Copy task, pictures excluded: set down exactly the lines from the one containing "Een luxe vormgegeven" to the end of the data below.

Collected data:

=== Section Start ===

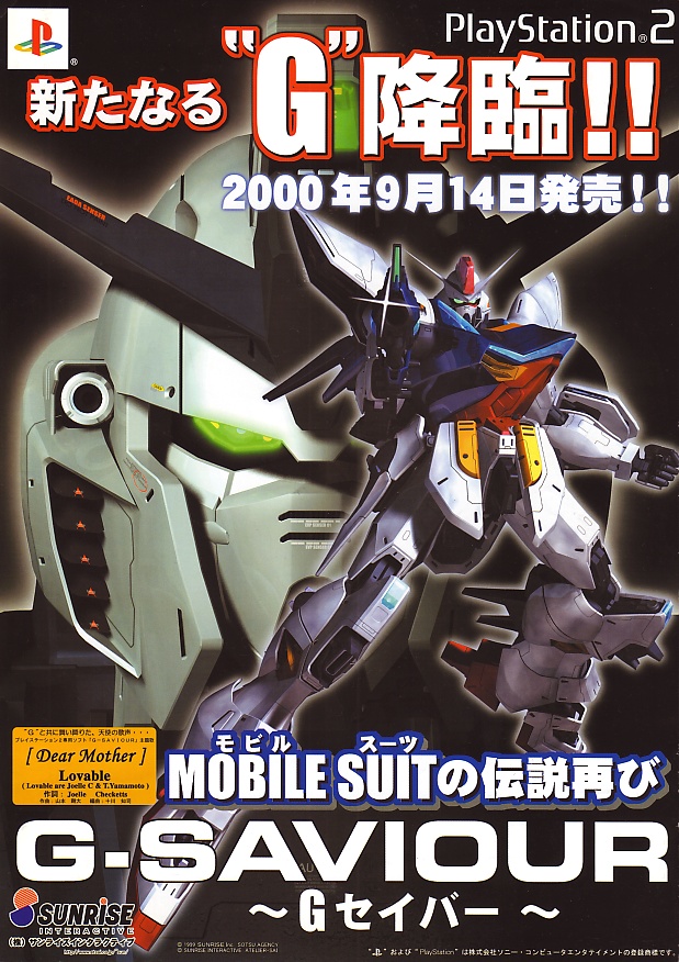 เมื่อเข้าสู่ยุคของ Playstation 2 ในปี ค.ศ. 2000 ก็ได้มีการวางขายเกม G-Savior เพื่อเป็นการโปรโมทหนังกันดั้มภาคคนแสดงอย่าง “G-Savior” อันเลื่องชื่อ ( ชื่อเสียรึเปล่านะ .. ) โดยเนื้อเรื่องในเกมนั้นจะเป็นเหตุการณ์หลังจากเหตุการณ์ในหนังครับผม เป็นเกมแนว Thrid Person Shooting Gundam เกมแรกๆเลย
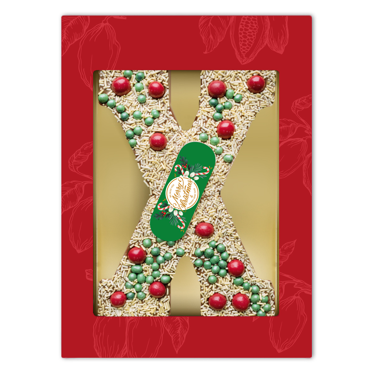 Een luxe vormgegeven X, in de Engelstalige landen het synoniem van Kerstmis. Mooi gedecoreerd met sprinkeldip. Een lust voor het oog, een lust voor de mond. Merry X-mas gewenst, op een bijzondere manier.
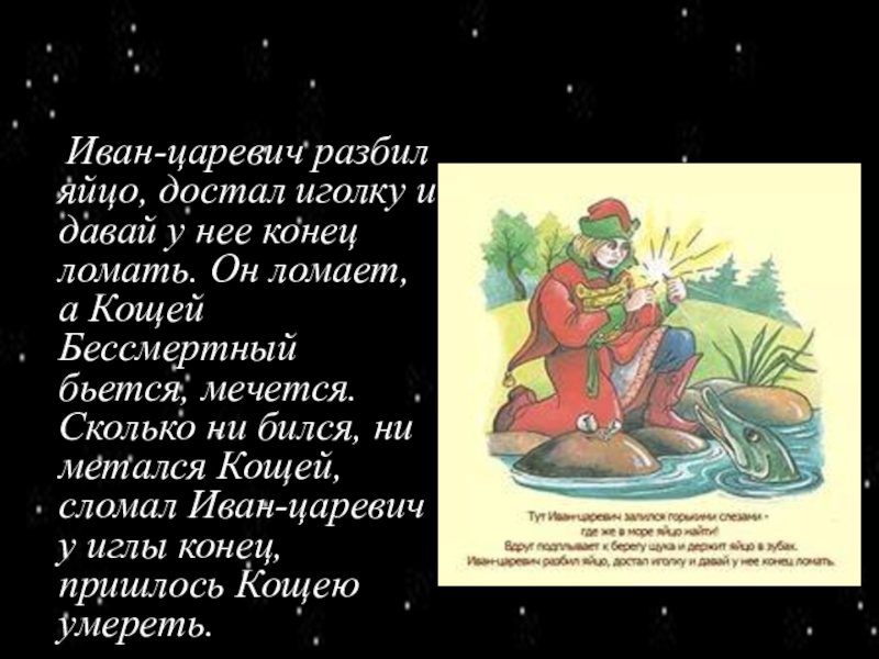 Слайд 19 Иван-царевич разбил яйцо, достал иголку и давай у нее

=== Section End ===

Answer area:
 Een luxe vormgegeven X, in de Engelstalige landen het synoniem van Kerstmis. Mooi gedecoreerd met sprinkeldip. Een lust voor het oog, een lust voor de mond. Merry X-mas gewenst, op een bijzondere manier.
 Слайд 19 Иван-царевич разбил яйцо, достал иголку и давай у нее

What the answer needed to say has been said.